It was an “enlightening” start of my journey from Singapore to Hanoi as I sat behind this trio of guys (early to mid-twenties), who proclaim themselves to have a PhD in relationship. They spent the entire 4 hours (due to a delay in takeoff) drinking at least a bottle and a half of hard liquor making chauvinistic arguments on the topic of females in a relationship. They even attempted to insert “it’s scientifically proven …” when they were trying to provide evidence to support their stand. It was pretty embarrassing to even be loosely associated with them through our shared nationality.
After we’ve safely landed and settled all our hotel issues, we immediately headed out for dinner. My first Vietnamese meal, in my short existence on this planet. With my first taste of vietnamese style spring rolls and vegetarian pho, I’ve started my short love affair with Vietnamese food during my stay. I couldn’t seem to steer away from the classic pho nor the various wraps/rolls which seem to appear on our dining table in every shop we went to. Filled with vegetables, mint leaves, light broth and not overly-greasy fried spring rolls, Vietnamese food was good to my digestive system. Enough said.

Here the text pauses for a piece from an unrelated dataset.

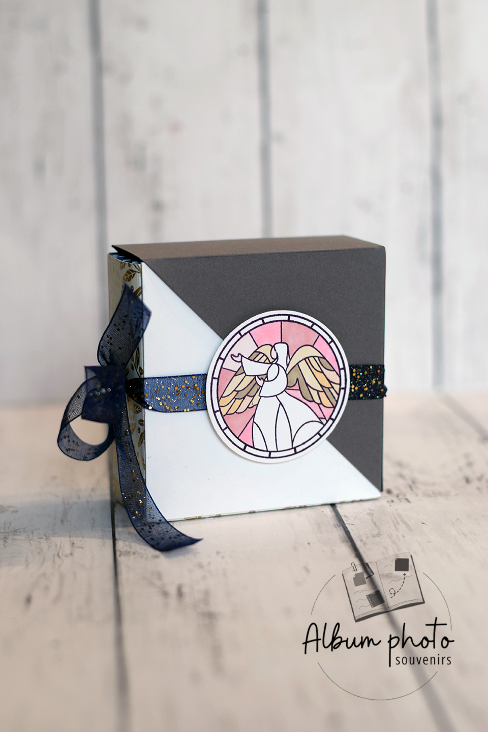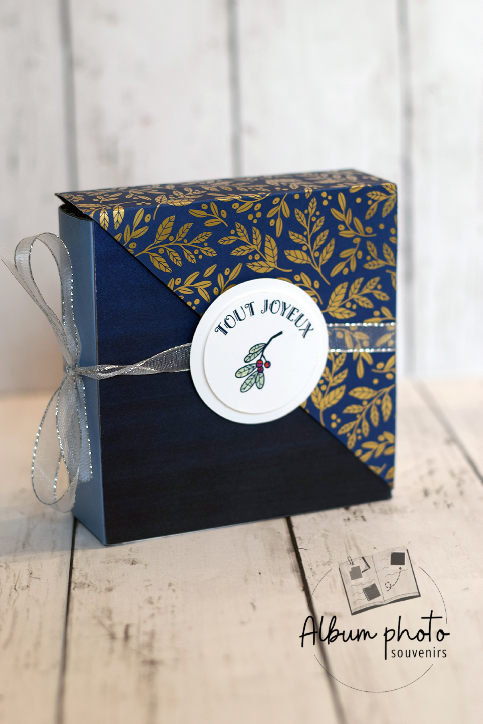 Un album photo carré, bleu nuit et doré, avec un mécanisme unique pour préserver la magie de Noël et des paysages étoilés.

Com & Pho 12, Rice and Noodles
Address: 12 Ly Quoc Su
As Christmas was the next day, the streets were bustling with people who were out to soak in the Christmas atmosphere. Based on the recommendation of the manager (Peter) of the Hanoi Hibiscus Hotel, we walked to the St. Joseph’s Cathedral which was decorated with Christmas lights. I’ve to say it was the most festive I’ve ever felt during Christmas since Christmas in Singapore is really not all that great. Maybe it’s the air in a different country, hmm…
Early the next morning, we boarded the bus for a day trip to Halong Bay. As we went about the old quarters picking up tourists from other hotels, I spotted little roadside eateries where the locals were having a cup of coffee or even a meal on little stools, which were better suited to the body size of a child then an adult. It was a pretty unique sight that I’ve not seen in the south east asian countries I’ve been to.
This is one of the taxis in Hanoi which I thought resembled a police car, so why not put it in this post? Haha.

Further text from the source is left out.